Para ese entonces, las desavenencias en el matrimonio, en esa Córdoba chica, eran del dominio público. Y la opinión mayoritaria era a favor de doña Rosario, como puede entreverse de la crónica. Por eso mismo, cuando como consecuencia de esa “satánica turbación” de La Rosa, cuando los esposos debieron separarse “después de graves incidentes domésticos que algunas veces demandaron la intervención de guardianes del orden”, a casi nadie le pareció mal que “la señora de La Rosa fuera a vivir acompañada por su hijo de crianza, el joven Alberto Ortiz”, al domicilio de éste en la calle Constitución, donde también residían sus hermanas.

Y es en tal solar que, cerca de la medianoche de aquel día, La Rosa golpea la puerta de calle, solicitándole al joven que le abre conversar unas palabras con su esposa. Llegado el pedido al dueño de la casa, por notarlo en calma éste le permite tener esa conversación. Pero al entrevistarse con su esposa y conforme pasa el tiempo de charla, Zenón gana en nerviosismo e ira y sus palabras van ganando intensidad, en medio de diversos reproches. Doña Rosario intenta, en vano, apaciguarlo.

Como diría el escritor Gasparo Gozzi, “los celos son una ceguera que arruina los corazones; quejarse y querellarse no representa signos de afecto sino de locura y malestar”. Tal como luego analizaría la psiquiatría moderna, cuando se habla de personas celosas se está frente a un perfil de carácter en el que la pasión, la ansiedad, el neuroticismo e incluso hasta el sadomasoquismo campean a sus anchas. El profundo sentimiento de abandono que experimentan quienes los desarrollan en forma patológica los lleva hasta los extremos de figurarse que la otra persona se ha reído de ellos y sus sentimientos, que los han utilizado, entre las situaciones más mortificantes que dicho estado engendra.

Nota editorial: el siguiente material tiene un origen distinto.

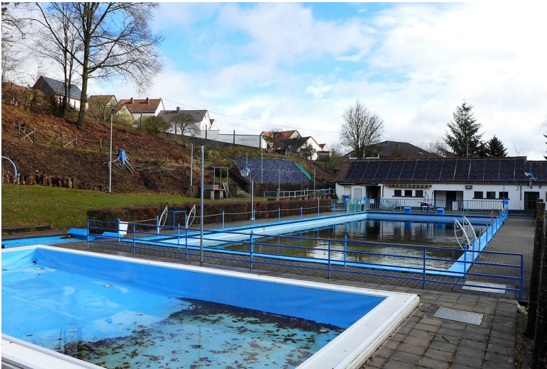
Soonwald-Schwimmbad in Seibersbach (2017)
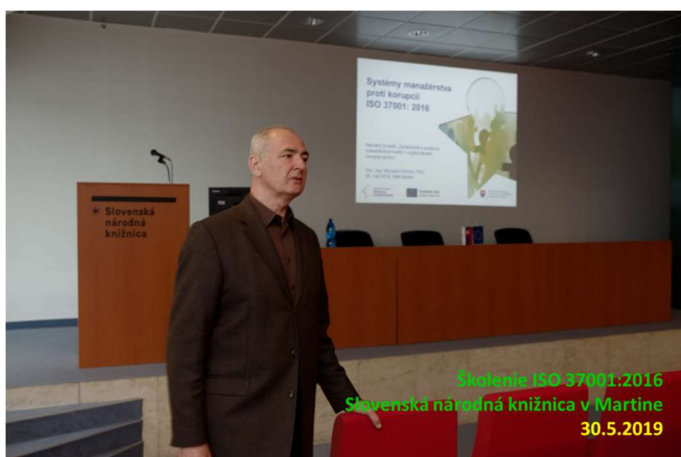
Školenie ISO 37001:2016 Slovenská národná knižnica v Martine 30.5.2019
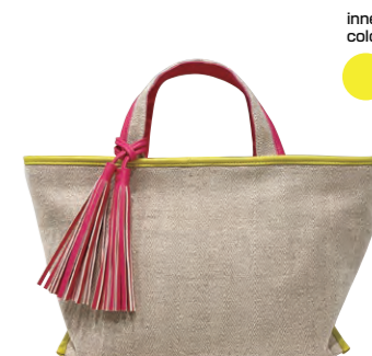
114703 VIVID JAN: 4980862 114731

春夏らしいナチュラルな麻混のヘリンボーン素材に 2色のカラーのパイピングがポイント。 存在感のある幅広の舟形サイズのデザインに仕上げました。 取り外し可能の大きめがタッセル付きです。
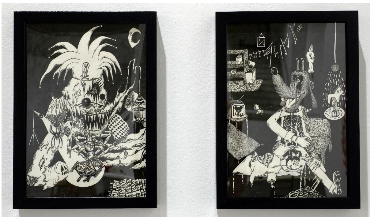
Σύνθεση από 2 σχέδια – χωρίς τίτλο, 2021-22,Μελάνι σε χαρτί, A4

Sensaciones estas que pueden llevar, fácilmente, del amor al odio y hacer prontamente decantar dicho odio en violencia.

Tal fue lo que ocurrió en el caso que contamos. Cuando doña Rosario vio cómo se repetía una de las usuales rabietas de su conyugue, “le suplicó con dulzura se retirara, visto la hora avanzada e inusitada de aquella inesperada visita”, al decir de lo narrado por Nazario Sánchez.

Lejos de calmarse, Zenón fue de mal en peor hasta que, fuera de sí, sacó de sus ropas un cuchillo y apuñaló a Rosario hasta matarla.

Luego de ello trató de escapar, pero la intervención del dueño de casa junto a otros impidió tal hecho. Se desató entonces una “terrible lucha entre el victimario y los hermanos Ortiz”, saldada con un sillazo en la cabeza de La Rosa. Para entonces, los gritos y el tumulto habían despertado al vecindario y hecho acudir al lugar a la policía, que aprehendió de inmediato al comerciante.

De madrugada, el jefe de policía, Manuel Moreno, reveló al juez de Crimen, don Severo Ríos, lo ocurrido. Al siguiente día, esto fue el tema obligado de todos en Córdoba. Y en tanto eran inhumados los restos de la pobre víctima, el conocido y furibundo Zenón iba a enfrentar uno de los procesos más sonados de aquel tiempo, que expondremos en la próxima semana.